Problem: Return every entry below exactly as written, minus the pictures.

=== Source data ===

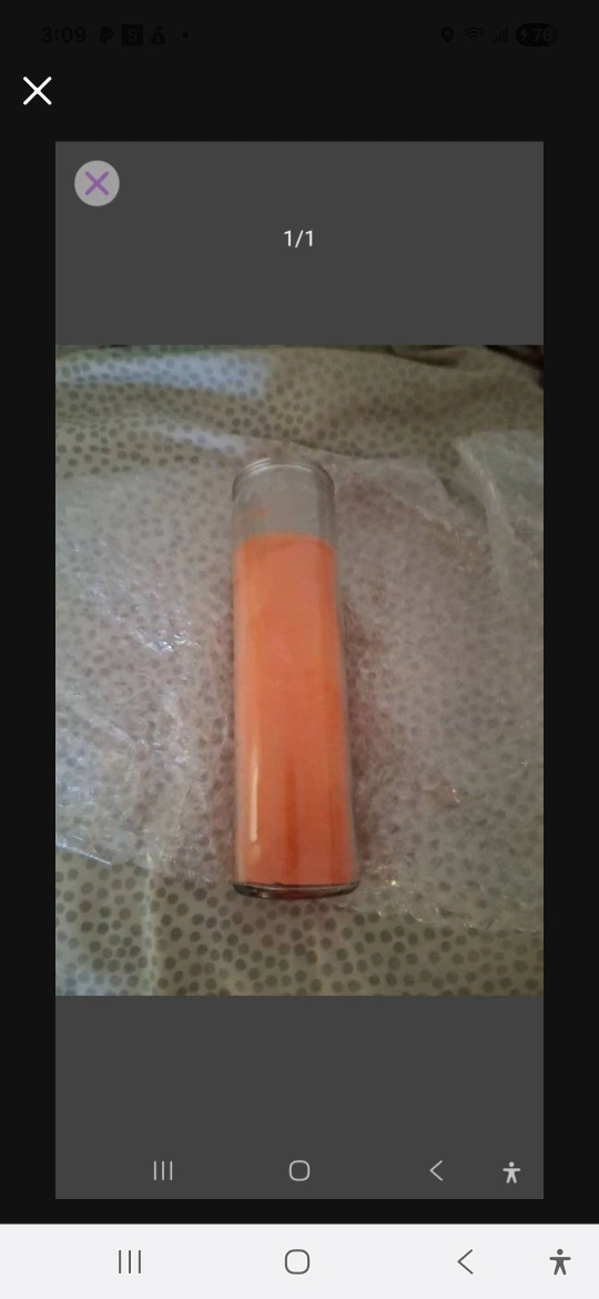 70Selling an orange prayer candle. It's in a clear glass jar. Great for adding a touch of color and warmth to any space
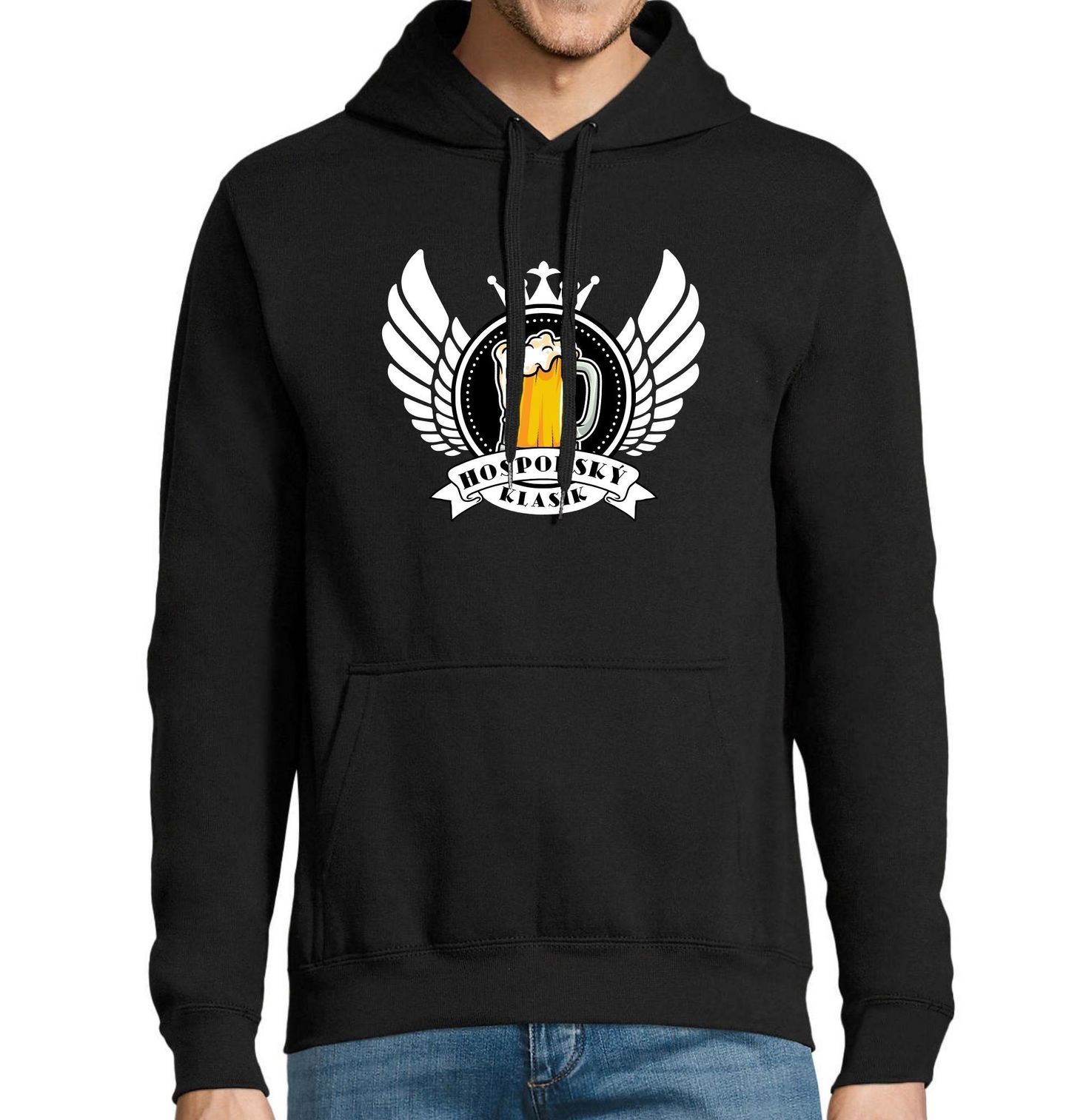 Pánská mikina Hospodský Klasik. Motiv zlatého půllitru s křídly a korunou vyjadřuje, že pivo není jen nápoj – je to životní styl. Ideální pro každého, kdo miluje hospodu, dobré pivo a pohodovou atmosféru. Ať už jsi pravidelný štamgast nebo jen sváteční pivař, tohle tričko ti bude slušet jako královská koruna!
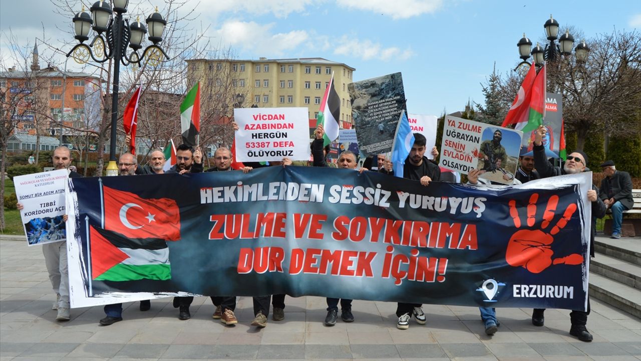 ERZURUM (AA) - Erzurum'da hekim ve sağlıkçılar, İsrail'in Gazze'ye yönelik saldırılarını protesto etmek ve zulme dikkati çekmek amacıyla 75. haftada da yürüyüşlerini sürdürdü.
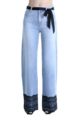 Pantalone ELLELONG_27 vita media con cintura più applicazioni pizzo fondo straight fit denim blu
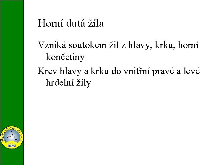 Horní dutá žíla – Vena cava superior Vzniká soutokem žil z hlavy, krku, horní končetiny Krev hlavy a krku do vnitřní pravé a levé hrdelní žíly vena jugularis interna dexter at sinister

===

Task response:
 70Selling an orange prayer candle. It's in a clear glass jar. Great for adding a touch of color and warmth to any space
 Pánská mikina Hospodský Klasik. Motiv zlatého půllitru s křídly a korunou vyjadřuje, že pivo není jen nápoj – je to životní styl. Ideální pro každého, kdo miluje hospodu, dobré pivo a pohodovou atmosféru. Ať už jsi pravidelný štamgast nebo jen sváteční pivař, tohle tričko ti bude slušet jako královská koruna!
 ERZURUM (AA) - Erzurum'da hekim ve sağlıkçılar, İsrail'in Gazze'ye yönelik saldırılarını protesto etmek ve zulme dikkati çekmek amacıyla 75. haftada da yürüyüşlerini sürdürdü.
 Pantalone ELLELONG_27 vita media con cintura più applicazioni pizzo fondo straight fit denim blu
 Horní dutá žíla – Vena cava superior Vzniká soutokem žil z hlavy, krku, horní končetiny Krev hlavy a krku do vnitřní pravé a levé hrdelní žíly vena jugularis interna dexter at sinister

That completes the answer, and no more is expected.